You might just need to design a better tiny submarine to win the South China Sea, former SEAL says

The US needs to develop and deploy more small, stealthy boats capable of destabilizing China’s navy, a special-operations captain for the U.S. and a former Navy SEAL told a House panel Thursday. China’s maritime…

You might just need to design a better tiny submarine to win the South China Sea, former SEAL says

The US needs to develop and deploy more small, stealthy boats capable of destabilizing China’s navy, a special-operations captain for the U.S. and a former Navy SEAL told a House panel Thursday.

China’s maritime expansion has disrupted patterns that have been important to the U.S. for two centuries, and the Chinese navy’s moves might have little to do with the countries’ founding principle of freedom of navigation, the commandos said.

“China has established a foreign policy that doesn’t seem consistent with our history,” said retired Navy SEAL Mike Toms, a consultant for Elliott Management Corp. and a former officer with the Joint Special Operations Command.

Speaking before the House Armed Services strategic forces subcommittee, Toms and JSOC Rear Adm. Daniel Hill, then deputy assistant secretary of defense for special operations and low-intensity conflict, suggested that the U.S. develop smaller, more efficient systems to give China a run for its money.

“The number one skill of submariners of today will be the ability to detect and operate against a much more agile target,” Hill said. “If you want to defeat China, you need to defeat China, not just disrupt it.”

“You need to disrupt its little boats and sensor class assets, particularly in the continental U.S.,” he added.

The comments came just weeks after China equipped four ships with “green”) laser beams capable of blinding targets, including U.S. ships.

China’s deployment is worrisome, Hill said, because “the Chinese navy is clearly trying to make a presence to assert its right to create military capabilities.”

China has also taken advantage of several years of gradual declines in maintenance readiness, slashing training fleets from 28 to 20 ships, Hill said.

They are 70 percent below where they should be, the Navy spokesman said.

The U.S. has stationed 300 special operators with the Hawaii-based USS Carl Vinson escort to secure passage for U.S. Navy ships sailing through the South China Sea, Hill said.

Now the Chinese navy is shifting to “more coherent operations that can be quickly planned, rehearsed and executed,” Hill said.

The American and Chinese navies already operate side by side, at each other’s maritime outposts like Woody Island, Hill said.

“You can imagine as those two navies are performing joint operations” such as the November 1971 Malabar naval exercise, “a third party like Russia is just a phone call away,” he said.

While Chinese military expansion isn’t out of step with historical norms, the Chinese side appears to be confusing it with America’s purpose.

“The reason we have gotten where we are today is we built a reputation for ourselves that made it easy for others to follow,” Hill said.

“What I would suggest the United States do is continue to get more credible, more capable, more small,” he said.

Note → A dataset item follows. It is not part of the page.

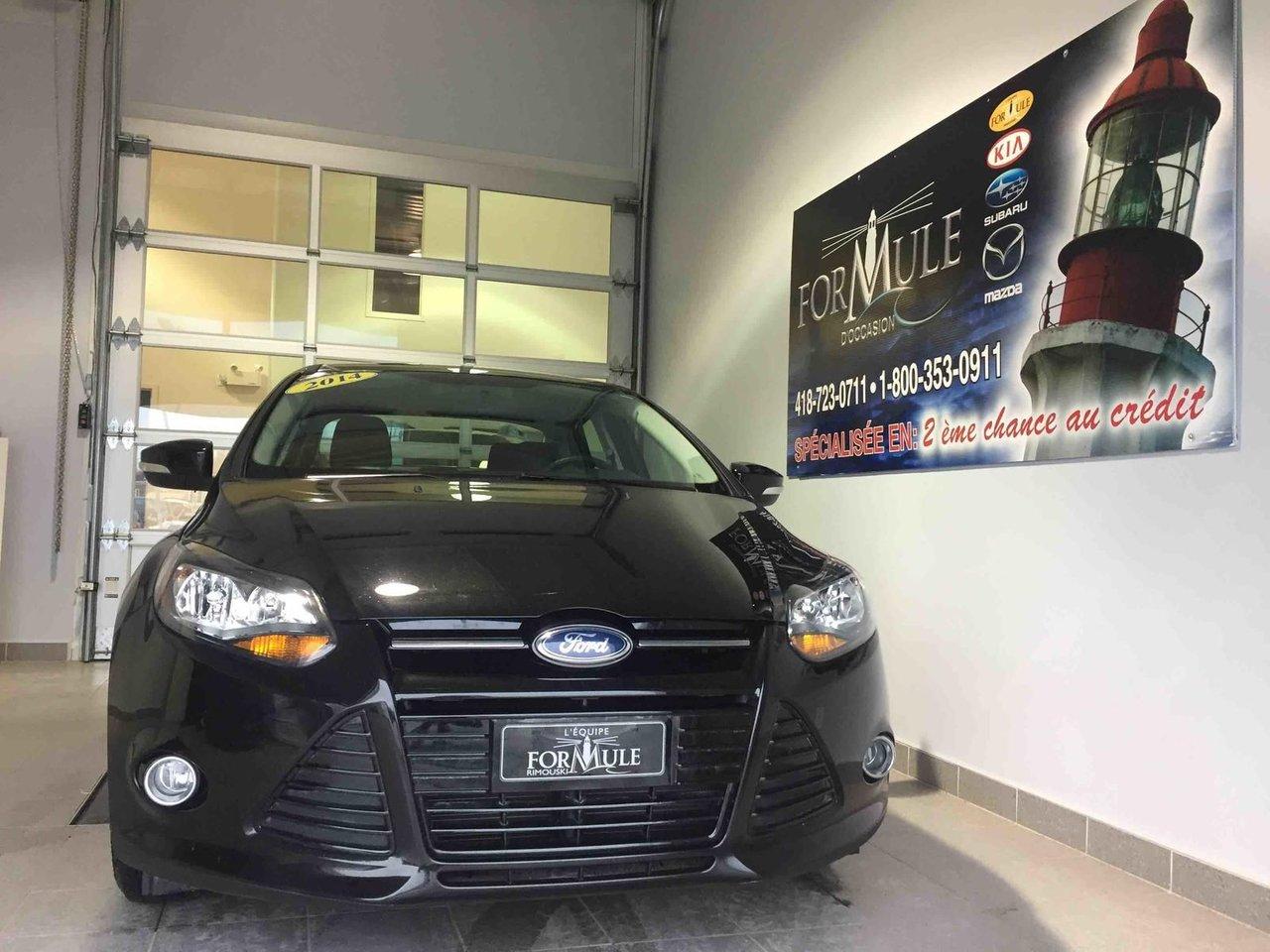 Ford Focus SE 2014\n\nRégulateur de vitesse, Essuie-glaces intermittents, Anti-démarreur, Freins ABS, Contrôle de stabilité, Coussin gonflable conducteur, Coussins gonflables latéraux, Lecteur CD, Lecteur MP3, Portes électriques, Vitres électriques, Air climatisé, Volant ajustable, Tapis protecteurs, Phares automatiques, Rétroviseur électrique, Direction assistée, Coussins gonflables arrière pour la tête, Jantes en alliage, Antipatinage, Verrous de sécurité pour enfants, Système de surveillance de la pression des pneus, Sièges baquets, Technologie Bluetooth intégrée, Climatisation\n\nPOUR LE PLUS GRAND CHOIX À UN SEUL ENDROIT, LE MEGA CENTRE DE L'USAGÉ DANS L'EST DU QUÉBEC. COUVRANT LA GRANDE RÉGION DE RIMOUSKI, MATANE, MONT-JOLI, RIVIÈRE-DU-LOUP, STE-ANNE DES MONTS, MATAPÉDIA,GASPÉSIE... CONTACTEZ-NOUS SANS FRAIS AU 1-877-864-3666 LIVRAISON PARTOUT AU QUÉBEC.

“China will remain a lesser navy in the years to come,” said Capt. Stephen F. Samson, director of policy for Naval Special Warfare Command.

A harder U.S. stance against Chinese territorial claims and use of coercion in the South China Sea have caused Beijing to commit hundreds of millions of dollars to upgrade its shipbuilding program to avoid an imbalance in “sheer magnitude,” he said.

Samson told The Washington Post that, by and large, the effort to deepen U.S. partnerships and access to growing Southeast Asian markets was very productive.

Samson did allow that relations remained tense because of uncertainty over some initiatives, but he insisted the relationship was constructive.

“We have a long history of genuine goodwill,” he said.